"I appreciate it tremendously," Bob said.
"There, there, we won't speak of it any more," the elder man protested, cutting him short. "I will telegraph Snelling and you may arrange the rest. The old inventor isn't to suspect a thing—remember."
"No, sir."
"That is all, then."
With a finality Robert Morton dared not transgress, the older man lapsed into silence and Bob had no choice but to suppress his gratitude and resign himself to listening to the rhythmic beat of the automobile's great engine.
CHAPTER XI
THE GALBRAITH HOUSEHOLD
The estate the Galbraiths had leased stood baldly upon a rise overlooking the sea in the midst of the fashionable colony adjacent to Wilton, and was one of those blots which the city luxury-lover affixes to a community whose keynote is simplicity. Its expanse of veranda, its fluttering green and white awnings, its giant tubs of blossoming hydrangeas, to say nothing of its Italian garden with rose-laden pergolas, were as out of place as if Saint Peter's itself had been dropped down into a tiny New England fishing hamlet.

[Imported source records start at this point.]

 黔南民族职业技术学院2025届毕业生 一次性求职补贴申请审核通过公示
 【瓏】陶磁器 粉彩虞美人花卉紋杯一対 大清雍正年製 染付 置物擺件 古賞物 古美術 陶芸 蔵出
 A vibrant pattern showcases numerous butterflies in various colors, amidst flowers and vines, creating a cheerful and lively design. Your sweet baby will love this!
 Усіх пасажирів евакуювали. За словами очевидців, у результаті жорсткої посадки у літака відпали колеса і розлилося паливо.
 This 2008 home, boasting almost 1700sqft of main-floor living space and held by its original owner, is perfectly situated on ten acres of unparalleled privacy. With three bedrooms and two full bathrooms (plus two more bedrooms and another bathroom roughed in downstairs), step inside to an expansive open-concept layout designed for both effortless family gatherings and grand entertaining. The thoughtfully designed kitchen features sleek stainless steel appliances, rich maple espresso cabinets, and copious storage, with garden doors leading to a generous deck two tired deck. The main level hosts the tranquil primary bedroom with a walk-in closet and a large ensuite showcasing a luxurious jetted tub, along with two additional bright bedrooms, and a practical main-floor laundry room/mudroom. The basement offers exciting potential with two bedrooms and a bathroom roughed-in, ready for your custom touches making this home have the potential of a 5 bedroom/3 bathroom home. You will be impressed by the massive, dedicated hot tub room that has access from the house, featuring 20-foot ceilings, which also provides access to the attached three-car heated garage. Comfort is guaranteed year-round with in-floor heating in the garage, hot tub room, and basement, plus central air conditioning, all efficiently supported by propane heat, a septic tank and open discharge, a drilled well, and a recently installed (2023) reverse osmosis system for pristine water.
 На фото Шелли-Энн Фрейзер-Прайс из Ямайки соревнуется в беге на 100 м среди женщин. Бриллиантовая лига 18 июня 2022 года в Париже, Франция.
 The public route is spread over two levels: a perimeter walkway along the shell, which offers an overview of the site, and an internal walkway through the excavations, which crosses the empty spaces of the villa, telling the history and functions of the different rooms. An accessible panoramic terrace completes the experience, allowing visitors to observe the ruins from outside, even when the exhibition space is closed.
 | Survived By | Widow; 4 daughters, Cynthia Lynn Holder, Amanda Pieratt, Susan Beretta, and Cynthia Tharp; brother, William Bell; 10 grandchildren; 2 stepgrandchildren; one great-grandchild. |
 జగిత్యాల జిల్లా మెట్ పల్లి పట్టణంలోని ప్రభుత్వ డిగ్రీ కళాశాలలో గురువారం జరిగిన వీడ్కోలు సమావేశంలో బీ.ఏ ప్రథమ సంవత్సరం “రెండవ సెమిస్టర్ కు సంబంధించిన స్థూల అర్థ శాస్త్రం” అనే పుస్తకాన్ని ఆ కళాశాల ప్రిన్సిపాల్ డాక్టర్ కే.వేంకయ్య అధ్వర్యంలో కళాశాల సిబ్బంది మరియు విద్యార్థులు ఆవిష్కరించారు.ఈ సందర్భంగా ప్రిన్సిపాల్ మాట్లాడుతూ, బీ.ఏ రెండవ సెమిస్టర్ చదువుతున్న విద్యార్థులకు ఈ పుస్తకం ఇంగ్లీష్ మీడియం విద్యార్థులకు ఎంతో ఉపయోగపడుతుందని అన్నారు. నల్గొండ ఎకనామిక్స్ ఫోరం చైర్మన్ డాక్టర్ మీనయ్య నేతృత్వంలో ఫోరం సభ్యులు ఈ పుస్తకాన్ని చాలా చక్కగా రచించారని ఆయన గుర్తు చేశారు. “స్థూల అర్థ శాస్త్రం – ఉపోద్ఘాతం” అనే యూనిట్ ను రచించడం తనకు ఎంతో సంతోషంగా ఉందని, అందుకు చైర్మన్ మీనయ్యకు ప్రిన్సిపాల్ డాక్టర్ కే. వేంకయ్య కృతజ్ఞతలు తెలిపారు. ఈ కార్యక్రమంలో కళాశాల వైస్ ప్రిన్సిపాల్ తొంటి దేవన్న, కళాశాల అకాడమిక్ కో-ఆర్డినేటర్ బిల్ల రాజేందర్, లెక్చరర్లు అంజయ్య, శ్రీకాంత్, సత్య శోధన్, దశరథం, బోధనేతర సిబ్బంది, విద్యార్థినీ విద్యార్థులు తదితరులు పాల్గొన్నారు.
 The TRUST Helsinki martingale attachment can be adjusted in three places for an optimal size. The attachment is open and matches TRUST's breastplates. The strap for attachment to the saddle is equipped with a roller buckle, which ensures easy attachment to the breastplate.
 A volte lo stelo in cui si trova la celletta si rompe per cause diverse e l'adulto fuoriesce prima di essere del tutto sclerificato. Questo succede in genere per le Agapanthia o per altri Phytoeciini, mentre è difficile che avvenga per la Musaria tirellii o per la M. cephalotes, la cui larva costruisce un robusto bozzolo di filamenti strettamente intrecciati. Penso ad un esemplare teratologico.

The house, it is true, did not lack beauty, for it was well proportioned and gracefully planned, and there was no denying that one found, perhaps, more comfort on its screened and shaded piazzas than was to be enjoyed on Willie Spence's unprotected doorstep. Nevertheless, there was too much of everything about it: too many rambler roses, too many rustic baskets and mighty palms; too many urns, and stone benches, and sundials and fountains. Still, as the car stopped at the door, the great wicker chairs with their scarlet cushions presented a gay picture and so, too, did Mrs. Galbraith and Cynthia who immediately rose from a breezy corner and came forward.